Simpson variational integrator for nonlinear systems: a tutorial on the Lagrange top

TL;DR

The paper develops a fourth-order, implicit, symplectic variational integrator by discretizing the action with Simpson quadrature and quadratic interpolation, designed for nonlinear systems with inseparable Hamiltonians. It applies the method to a chaotic nonlinear double pendulum and a three-degree-of-freedom Lagrange top, comparing against implicit midpoint and RK4, and demonstrates exact momentum preservation and strong long-time energy behavior. The results show fourth-order convergence in nutation and energy, with no artificial energy dissipation, highlighting the method's robustness for long-time simulations of nonlinear dynamics. The work provides a practical, structure-preserving tool for nonlinear mechanical systems and points to future extensions to higher-order Lobatto schemes and Lie-group formulations.

Abstract

This contribution presents an integration method based on the Simpson quadrature.
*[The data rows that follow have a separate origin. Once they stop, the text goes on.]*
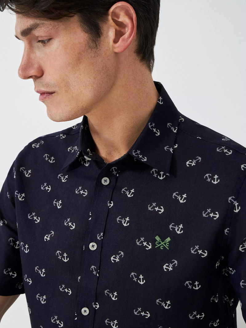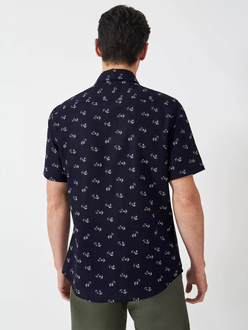 Linen Blend Regular Fit Anchor Graphic Shirt, Navy Blue
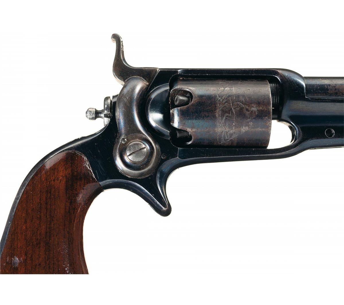 Excellent. The revolver retains 90% plus of the bright original high polish blue finish with wear mostly limited to some minor flaking on the barrel and cylinder and some thinning on the back strap. The cylinder retains at least 95% of the Stagecoach Holdup scene. The hammer and loading lever retain most of the original vivid case colors. The grip is excellent, 95% of the piano finish remains showing some lower edge wear and a small shallow gouge on the lower right rear. The markings are crisp and clear. The action is crisp and functions perfectly. The case is good with some minor cracks in the lid but the exterior shows minimal handling wear. The velvet lining on the lid is very good with wear limited to some minor compression marks. The lining in the case bottom is good with moderate wear. The lining is dusty and discolored from contact with the revolver and accessories. The bullet mold is very good with 75% of the original blue finish. The powder flask is excellent with 90% plus of the brown lacquer finish on the body and 95% of the gold plated finish on the brass top and charger. The flask body shows only light handling wear. The screwdriver/nipple wrench is excellent with most of the original blue finish. The cap tin has not been opened and is excellent, however is not original to the case. This is an outstanding example of a Colt Model 1855 7th Model Sidehammer Pocket Revolver with factory case and accessories.
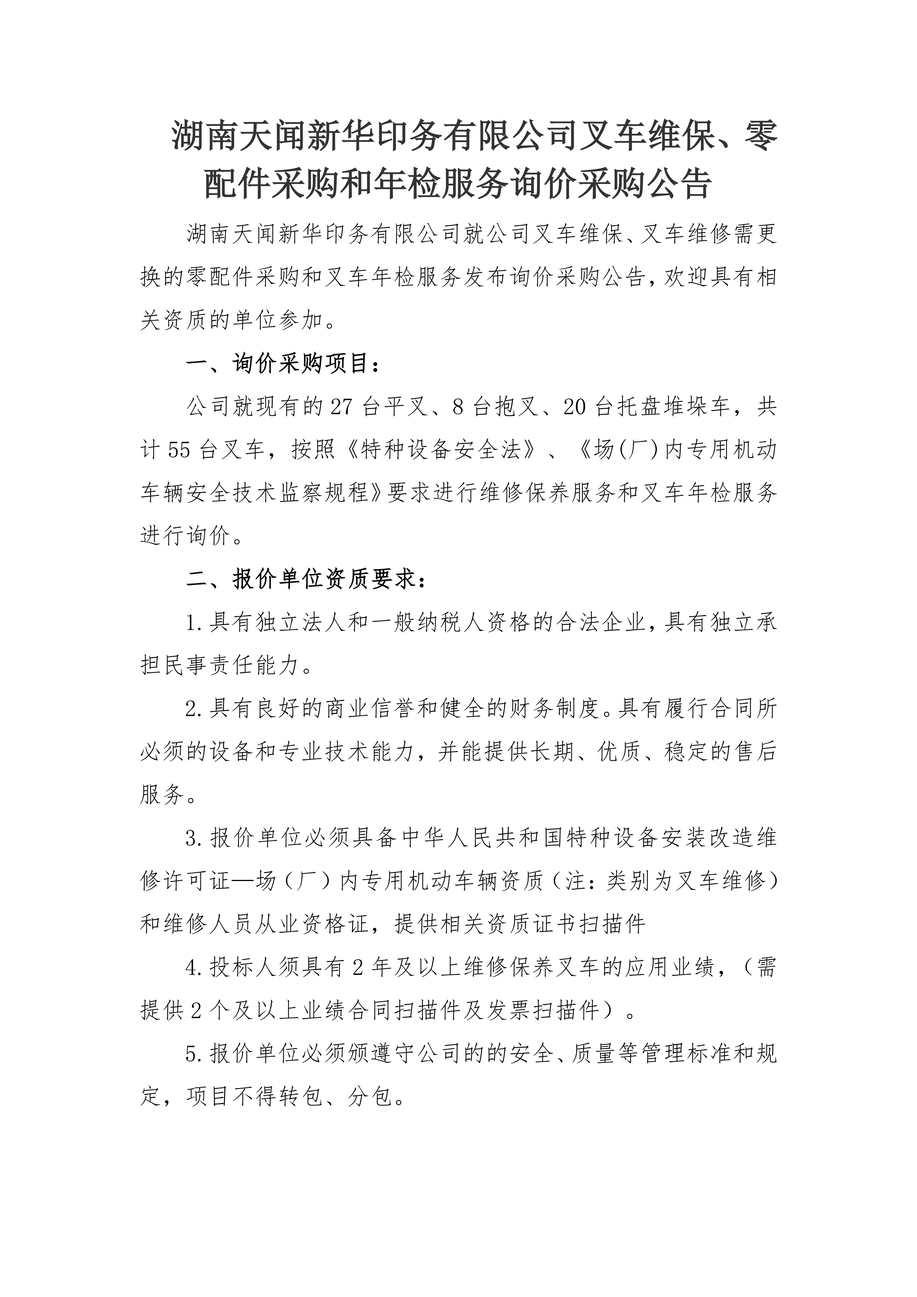 湖南天闻新华印务有限公司叉车维保、零配件采购和年检服务询价采购公告

The integrator is designed for finite-dimensional nonlinear mechanical systems that derive from variational principles. The action is discretized using quadratic finite elements interpolation of the state and Simpson's quadrature, leading to discrete motion equations. The scheme is implicit, symplectic, and fourth-order accurate. The proposed integrator is compared with the implicit midpoint variational integrator on two examples of systems with inseparable Hamiltonians. First, the example of the nonlinear double pendulum illustrates how the method can be applied to multibody systems. The analytical solution of the Lagrange top is then used as a reference to analyze accuracy, convergence, and precision of the numerical method. A reduced Lagrange top system is also proposed and solved with a classical fourth-order method. Its solution is compared with the Simpson solution of the complete system, and the convergence order of the difference between both is consistent with the order of the classical method.

Figures (14)

• Figure 1: Double pendulum affected by gravity. Two point masses $\{m_1, m_2\}$ are linked together by massless thin rigid rods of respective lengths $\{\ell_1,\ell_2\}$. Mass positions are given by the generalized coordinates $q=\left(q^1,q^2\right)$.
• Figure 2: Configuration parameters ($q$) evolution for the nonlinear double pendulum. Step size is $h=e-1$ for the symplectic integrators (Implicit midpoint and Simpson). RK4 gives the reference curve at $h=e-5$. Simpson's solutions follow the reference curve for longer simulations.
• Figure 3: Generalized momenta ($p$) evolution for the nonlinear double pendulum. Step size is $h=e-1$ for the symplectic integrators (Implicit midpoint and Simpson). RK4 gives the reference curve at $h=e-5$. Simpson's solutions follow the reference curve for longer simulations.
• Figure 4: Energy error convergence lines for the double pendulum motion. RK4 showcases a higher convergence rate than its characteristic one (of 4) because the error is high for the larger time steps. The convergence rates of the Implicit midpoint and Simpson methods are 2 and 4, respectively.
• Figure 5: Relative error on the conserved quantity $H(p,q)$ for the double pendulum. RK4's error grows with time. The symplectic methods (Implicit midpoint and Simpson) do not artificially dissipate energy.